From the listing below, give again exactly the lines from the line with "國(guó)家藥監(jiān" to the line with "Dalam suasana penuh", ends included, without any pictures.

- - - -

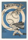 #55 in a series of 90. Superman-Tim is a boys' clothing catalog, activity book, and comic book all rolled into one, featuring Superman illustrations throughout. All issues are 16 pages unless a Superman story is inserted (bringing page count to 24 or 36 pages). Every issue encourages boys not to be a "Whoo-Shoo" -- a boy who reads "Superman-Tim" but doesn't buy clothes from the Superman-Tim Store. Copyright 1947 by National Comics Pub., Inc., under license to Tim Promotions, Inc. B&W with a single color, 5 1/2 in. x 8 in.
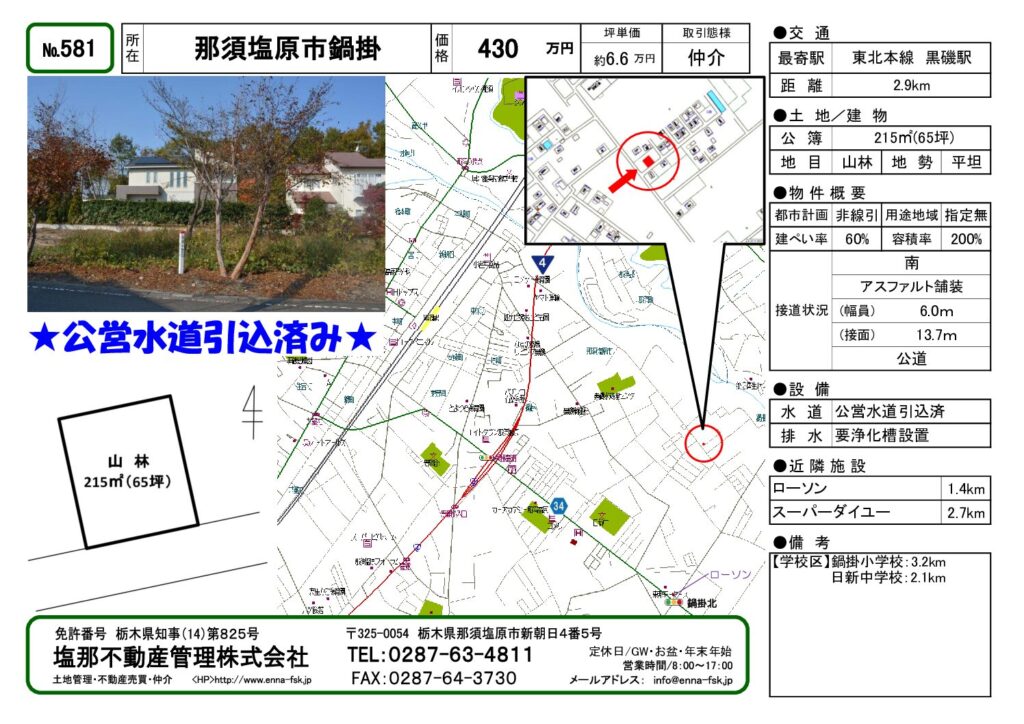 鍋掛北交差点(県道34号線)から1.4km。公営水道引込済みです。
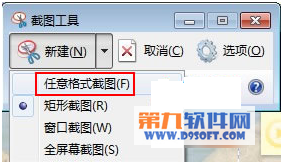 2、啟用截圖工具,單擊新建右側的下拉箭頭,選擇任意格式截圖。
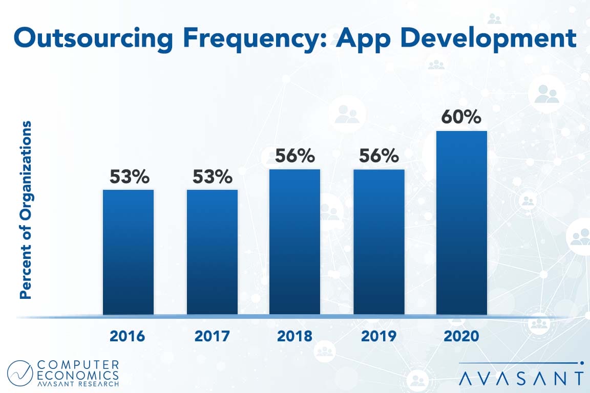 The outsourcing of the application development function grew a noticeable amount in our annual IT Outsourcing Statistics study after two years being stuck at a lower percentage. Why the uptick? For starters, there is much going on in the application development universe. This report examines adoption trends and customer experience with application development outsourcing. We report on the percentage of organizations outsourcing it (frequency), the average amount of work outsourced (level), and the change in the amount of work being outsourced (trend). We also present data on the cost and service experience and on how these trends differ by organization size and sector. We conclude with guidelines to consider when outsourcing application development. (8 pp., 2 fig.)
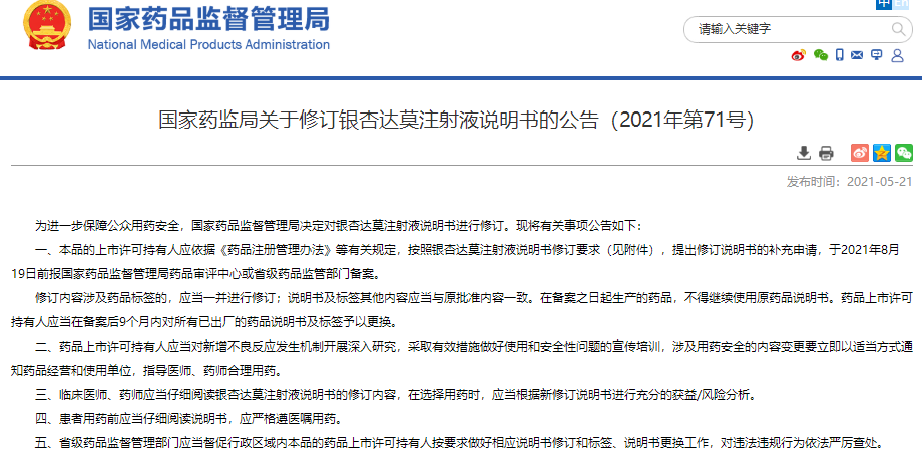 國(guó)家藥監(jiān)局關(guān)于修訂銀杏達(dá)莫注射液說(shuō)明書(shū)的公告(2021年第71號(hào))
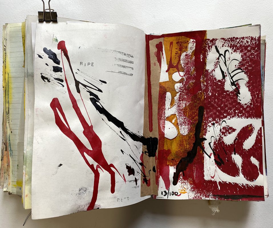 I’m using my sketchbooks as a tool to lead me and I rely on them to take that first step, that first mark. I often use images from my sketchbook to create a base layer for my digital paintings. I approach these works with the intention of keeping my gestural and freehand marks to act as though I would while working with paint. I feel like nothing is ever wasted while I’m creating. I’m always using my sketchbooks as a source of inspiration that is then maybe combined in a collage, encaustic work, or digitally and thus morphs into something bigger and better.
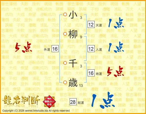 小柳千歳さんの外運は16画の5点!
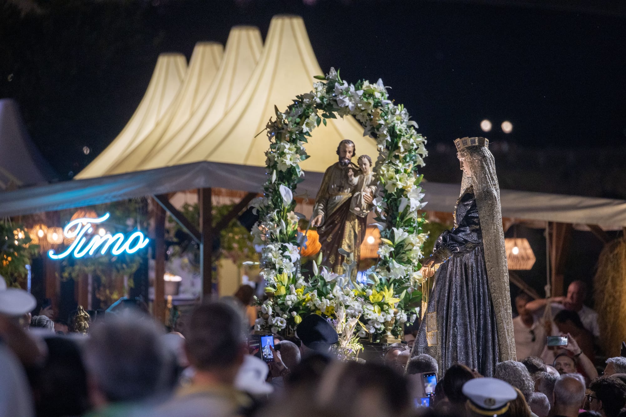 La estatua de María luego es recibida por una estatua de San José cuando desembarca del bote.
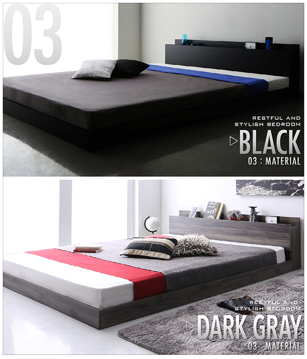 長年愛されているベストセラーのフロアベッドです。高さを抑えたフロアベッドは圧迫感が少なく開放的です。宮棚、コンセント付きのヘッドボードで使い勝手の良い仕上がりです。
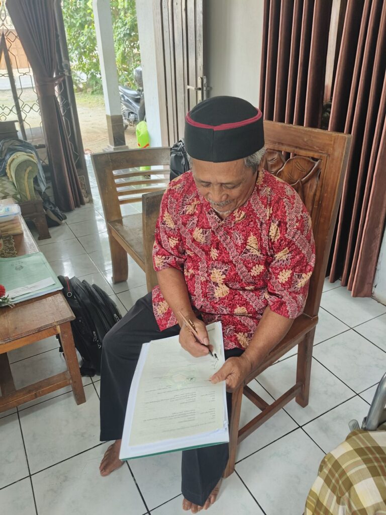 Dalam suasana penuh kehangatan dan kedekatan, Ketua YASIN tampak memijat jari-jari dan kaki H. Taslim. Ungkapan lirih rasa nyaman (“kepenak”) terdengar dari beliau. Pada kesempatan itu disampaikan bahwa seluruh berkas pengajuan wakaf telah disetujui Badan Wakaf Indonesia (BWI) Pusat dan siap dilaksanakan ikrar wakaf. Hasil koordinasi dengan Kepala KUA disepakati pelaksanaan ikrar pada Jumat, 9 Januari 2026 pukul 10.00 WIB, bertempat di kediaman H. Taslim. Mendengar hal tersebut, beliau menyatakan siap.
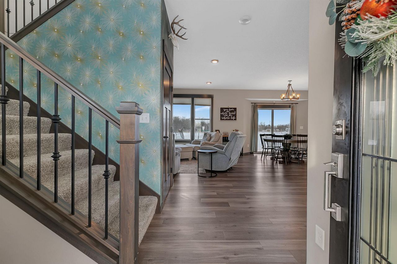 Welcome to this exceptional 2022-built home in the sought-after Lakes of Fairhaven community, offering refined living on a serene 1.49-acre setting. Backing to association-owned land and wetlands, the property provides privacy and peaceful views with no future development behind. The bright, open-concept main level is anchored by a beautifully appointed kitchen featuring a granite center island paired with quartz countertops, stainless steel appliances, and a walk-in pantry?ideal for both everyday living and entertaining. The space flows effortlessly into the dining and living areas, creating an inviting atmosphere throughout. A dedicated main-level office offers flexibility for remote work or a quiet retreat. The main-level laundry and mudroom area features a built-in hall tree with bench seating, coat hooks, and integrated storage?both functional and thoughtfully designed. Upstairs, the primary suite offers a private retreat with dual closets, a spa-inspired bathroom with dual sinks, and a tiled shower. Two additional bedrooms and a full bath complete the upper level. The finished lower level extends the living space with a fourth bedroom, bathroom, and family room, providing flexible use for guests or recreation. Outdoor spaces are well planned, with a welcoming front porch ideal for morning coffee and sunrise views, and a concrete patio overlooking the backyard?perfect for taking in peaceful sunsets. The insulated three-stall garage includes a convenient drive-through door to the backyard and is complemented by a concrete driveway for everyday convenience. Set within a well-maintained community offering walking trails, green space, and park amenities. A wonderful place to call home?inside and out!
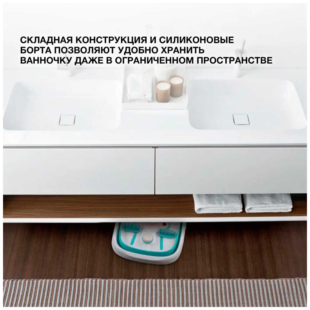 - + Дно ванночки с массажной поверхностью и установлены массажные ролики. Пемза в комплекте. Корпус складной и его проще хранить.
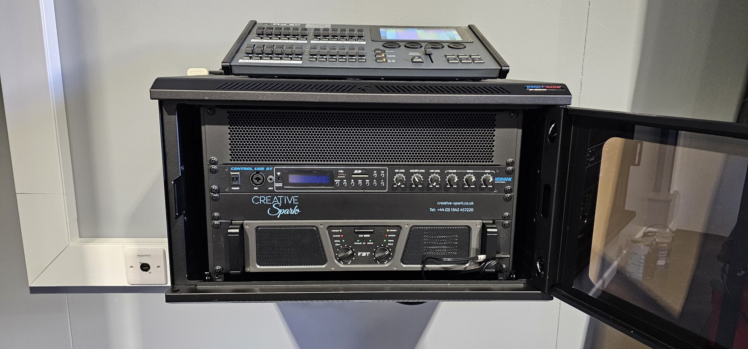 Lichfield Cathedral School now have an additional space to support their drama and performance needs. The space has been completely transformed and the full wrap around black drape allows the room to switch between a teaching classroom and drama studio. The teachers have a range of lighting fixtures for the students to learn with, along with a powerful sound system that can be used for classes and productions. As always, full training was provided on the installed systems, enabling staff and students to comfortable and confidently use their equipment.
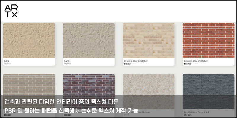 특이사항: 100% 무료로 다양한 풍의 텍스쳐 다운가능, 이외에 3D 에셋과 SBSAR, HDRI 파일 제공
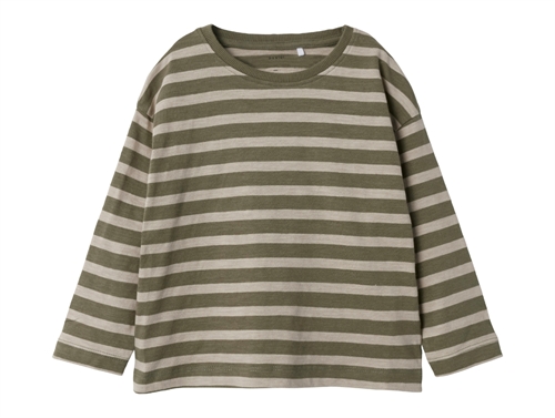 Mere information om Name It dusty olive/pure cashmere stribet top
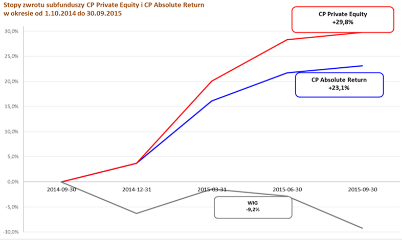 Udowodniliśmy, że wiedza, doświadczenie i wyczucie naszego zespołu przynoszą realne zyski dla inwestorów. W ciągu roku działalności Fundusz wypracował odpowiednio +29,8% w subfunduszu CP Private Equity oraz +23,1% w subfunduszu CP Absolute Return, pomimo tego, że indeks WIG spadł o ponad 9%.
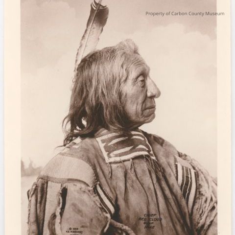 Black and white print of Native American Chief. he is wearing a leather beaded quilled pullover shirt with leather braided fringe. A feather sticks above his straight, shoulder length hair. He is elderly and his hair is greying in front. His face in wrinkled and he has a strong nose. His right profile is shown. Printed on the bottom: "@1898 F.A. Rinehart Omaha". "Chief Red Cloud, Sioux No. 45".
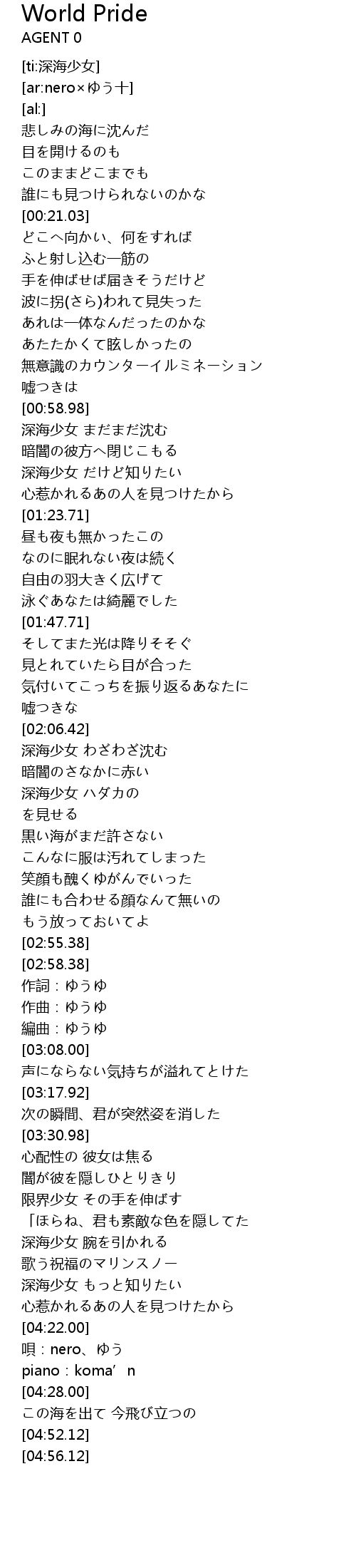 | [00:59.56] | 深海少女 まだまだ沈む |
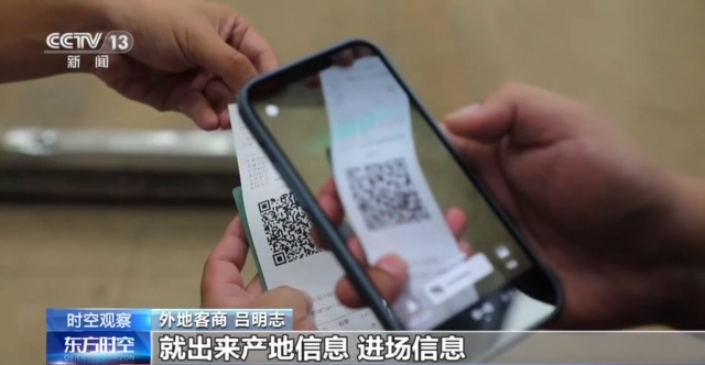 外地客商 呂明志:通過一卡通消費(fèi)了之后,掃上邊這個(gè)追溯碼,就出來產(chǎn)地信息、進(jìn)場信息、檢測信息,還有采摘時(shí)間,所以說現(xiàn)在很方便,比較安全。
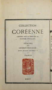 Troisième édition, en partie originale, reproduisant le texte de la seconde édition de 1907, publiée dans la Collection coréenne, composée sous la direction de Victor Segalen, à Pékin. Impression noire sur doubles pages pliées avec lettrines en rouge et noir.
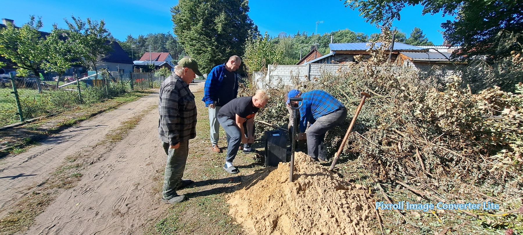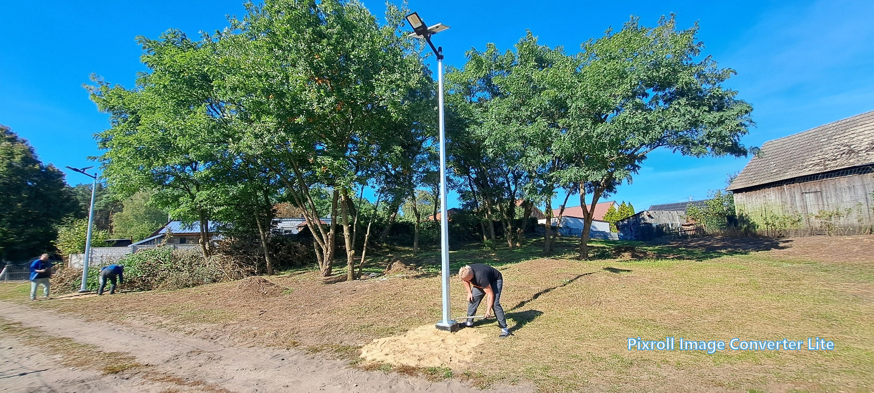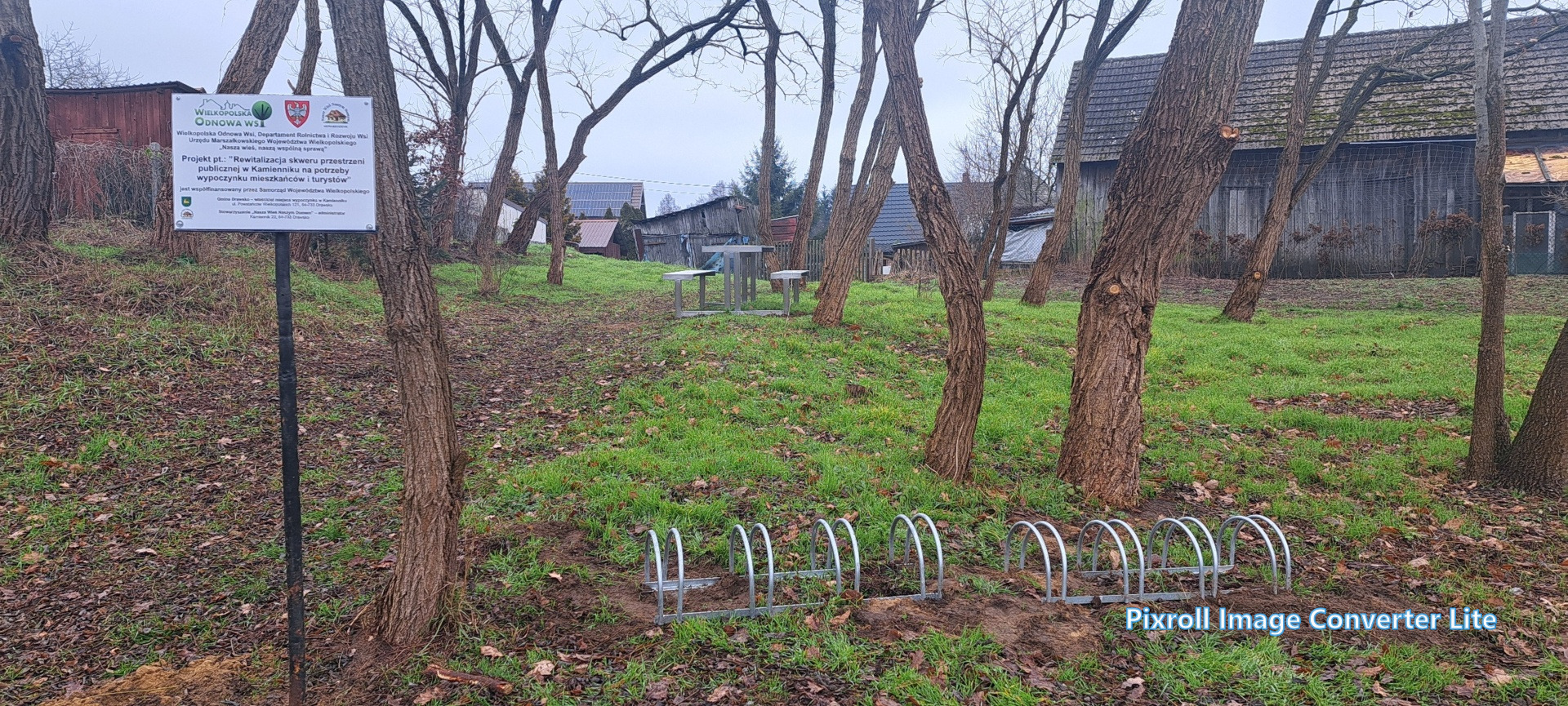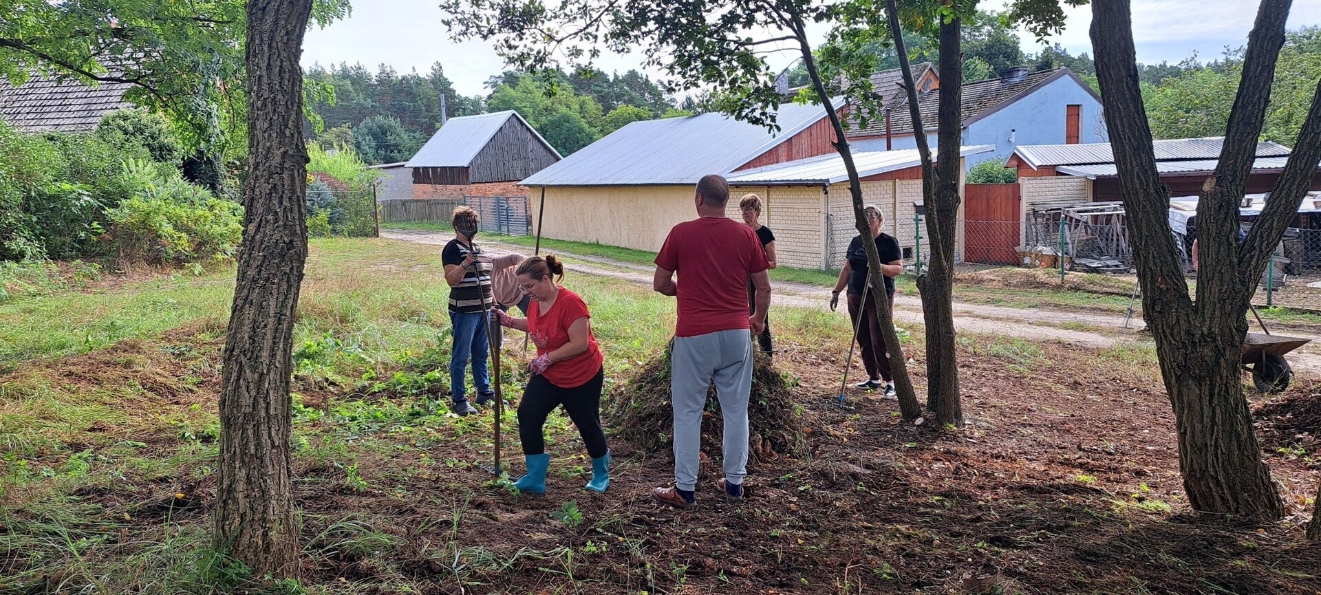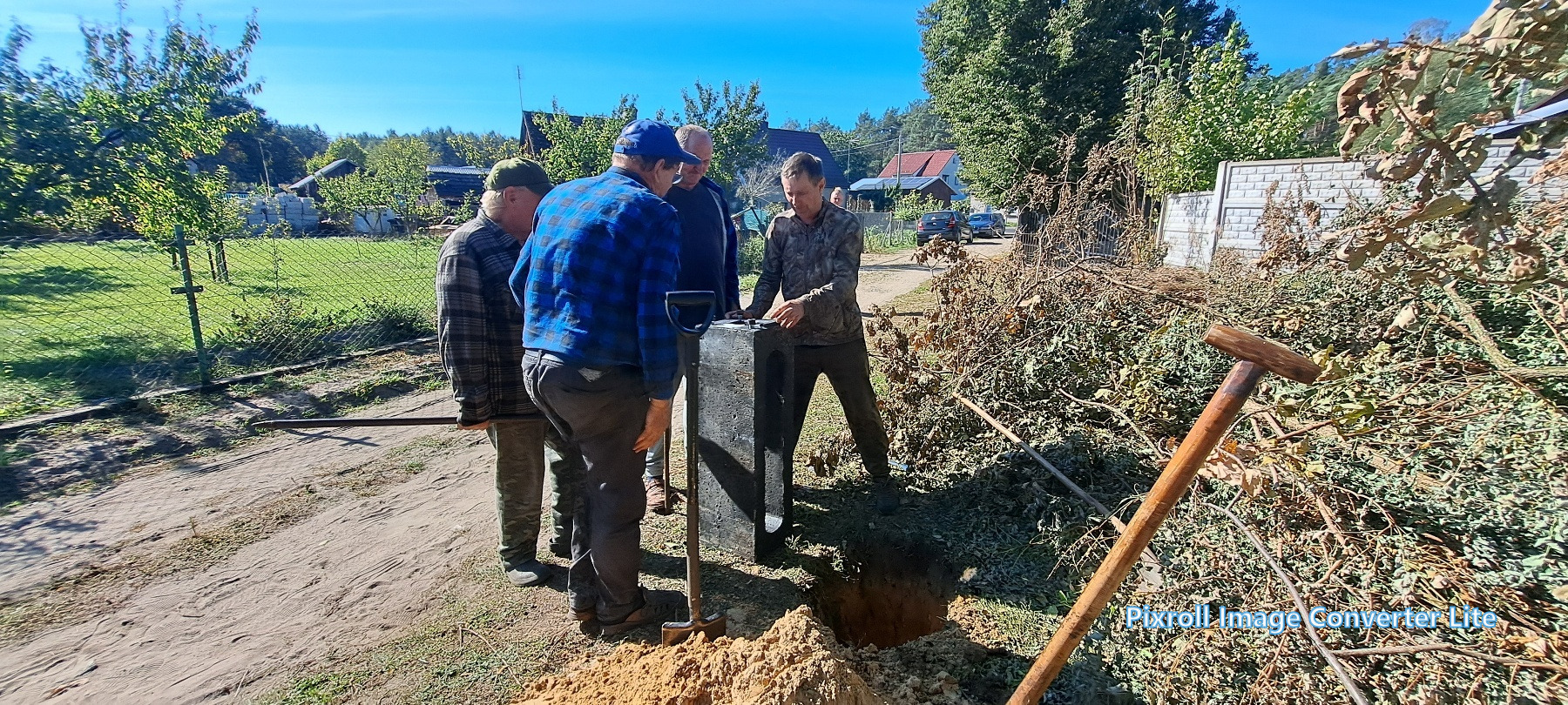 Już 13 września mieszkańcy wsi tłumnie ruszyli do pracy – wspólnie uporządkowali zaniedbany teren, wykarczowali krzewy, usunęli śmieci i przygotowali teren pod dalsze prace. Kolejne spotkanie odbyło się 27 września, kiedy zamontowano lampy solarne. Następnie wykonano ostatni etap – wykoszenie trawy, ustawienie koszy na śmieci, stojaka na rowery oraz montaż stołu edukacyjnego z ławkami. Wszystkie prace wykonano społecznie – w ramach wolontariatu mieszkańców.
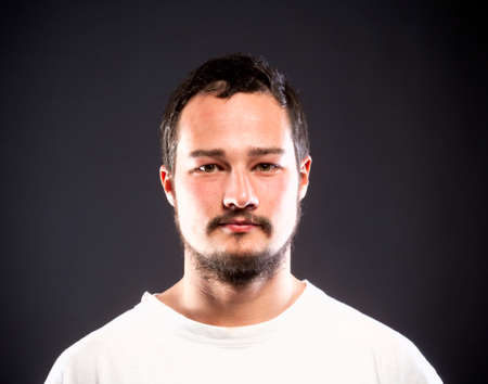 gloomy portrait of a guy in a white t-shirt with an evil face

- - - -

▶ **THE ANSWER**
 國(guó)家藥監(jiān)局關(guān)于修訂銀杏達(dá)莫注射液說(shuō)明書(shū)的公告(2021年第71號(hào))
 I’m using my sketchbooks as a tool to lead me and I rely on them to take that first step, that first mark. I often use images from my sketchbook to create a base layer for my digital paintings. I approach these works with the intention of keeping my gestural and freehand marks to act as though I would while working with paint. I feel like nothing is ever wasted while I’m creating. I’m always using my sketchbooks as a source of inspiration that is then maybe combined in a collage, encaustic work, or digitally and thus morphs into something bigger and better.
 小柳千歳さんの外運は16画の5点!
 La estatua de María luego es recibida por una estatua de San José cuando desembarca del bote.
 長年愛されているベストセラーのフロアベッドです。高さを抑えたフロアベッドは圧迫感が少なく開放的です。宮棚、コンセント付きのヘッドボードで使い勝手の良い仕上がりです。
 Dalam suasana penuh kehangatan dan kedekatan, Ketua YASIN tampak memijat jari-jari dan kaki H. Taslim. Ungkapan lirih rasa nyaman (“kepenak”) terdengar dari beliau. Pada kesempatan itu disampaikan bahwa seluruh berkas pengajuan wakaf telah disetujui Badan Wakaf Indonesia (BWI) Pusat dan siap dilaksanakan ikrar wakaf. Hasil koordinasi dengan Kepala KUA disepakati pelaksanaan ikrar pada Jumat, 9 Januari 2026 pukul 10.00 WIB, bertempat di kediaman H. Taslim. Mendengar hal tersebut, beliau menyatakan siap.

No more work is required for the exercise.